Una vena se marcó en la frente de Su Wei. Si no estuviera concentrado en refinar la píldora, ya habría subido las llamas al máximo para quemar a ese horno molesto hasta las cenizas.

Cien Píldoras Nutritivas se formaron en las llamas, cada una envuelta en Nubes de Píldora rojas, como el resplandor carmesí de un atardecer: místicas y hermosas, verdaderas obras de arte. Eran Píldoras Nutritivas de grado supremo.

—Hmph, ¿quieres perturbar mi corazón del Dao? Sigue soñando —dijo Su Wei con calma, como si no se hubiera enfurecido un instante antes.

—Tu turno —no creía que Chiwu pudiera hacerlo mejor.

Chiwu no pensaba retroceder. Inhaló cien porciones de ingredientes para Píldoras Nutritivas en su interior, y las llamas rugieron con fuerza, produciendo un sonido de masticado.

—Urgh…

Chiwu escupió las píldoras.

La escena hizo que los tres presentes sintieran incomodidad física.

Un momento… ¿eso significaba que todas las píldoras eran, en esencia, el vómito de un horno? ¿Quién podría volver a consumir una después de pensar eso?

—Listo, mira.

Una píldora del tamaño de una cabeza humana rodó hasta los pies de Su Wei.

—¿Qué… es esto? —Su Wei la miró fijamente; parecía una píldora, incluso tenía Nubes de Píldora rojas.

Chiwu dudó un instante; sus llamas titilaron antes de declararlo con orgullo:
—¡Es una versión mejorada de la Píldora Nutritiva! Puedes llamarla Gran Píldora Nutritiva.

—Una persona solo puede tomar hasta cincuenta Píldoras Nutritivas de grado supremo antes de que pierdan efectividad. Pero mi Gran Píldora Nutritiva… ¡una equivale a cien! Sus efectos son sin duda superiores a los tuyos.
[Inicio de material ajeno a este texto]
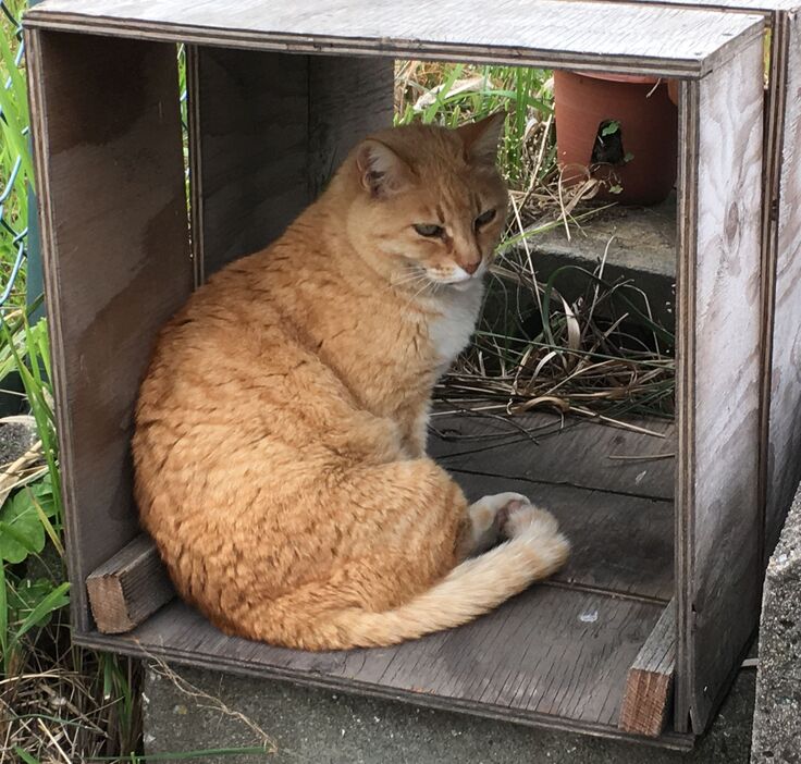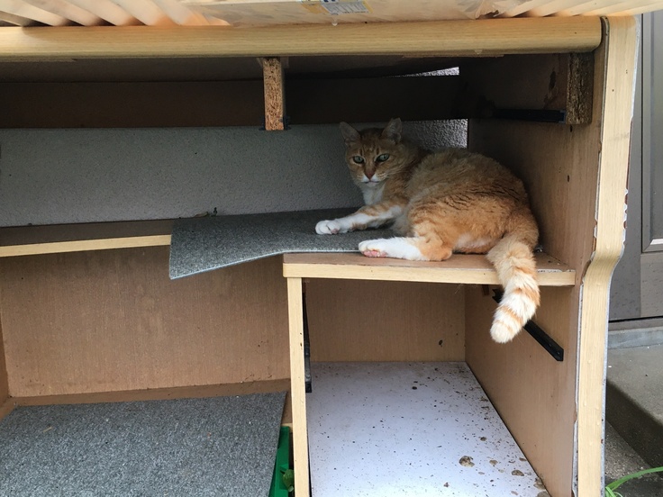 避難所室内に入れる猫の数は限られていますので、室外にも隠れる場所を赫々用意したいです。

—¿Qué clase de broma es esta? ¿Esto es para consumo humano? —Su Wei señaló furioso la enorme píldora redonda.

—Eso no es asunto tuyo. En el peor de los casos, dásela a bestias espirituales o espera a que alguien aprenda una habilidad divina como la Forma del Dharma Cielo y Tierra. Sea como sea, mi píldora es de mayor calidad que la tuya, así que acepta tu destino de ser mi ayudante de fuelle.

—¡Me niego a reconocer esto como una Píldora Nutritiva!

—Oye, viejo, ¡eso es hacer trampa!

—Yo…

—Caballeros, ya que la competencia terminó, ¿por qué no me hacen un favor? —Viendo que la discusión se prolongaría eternamente, Jiang Li intervino.

—Soberano Humano Jiang.

—Hermano Jiang.

Solo entonces el hombre y el horno notaron la presencia de Jiang Li. Suspendieron temporalmente la pelea; después de todo, frente a un extraño, todavía tenían que mantener la imagen digna de un respetado alquimista y un respetado horno de píldoras.

—Quiero refinar una Píldora de Sangre Pura. ¿Pueden hacerlo?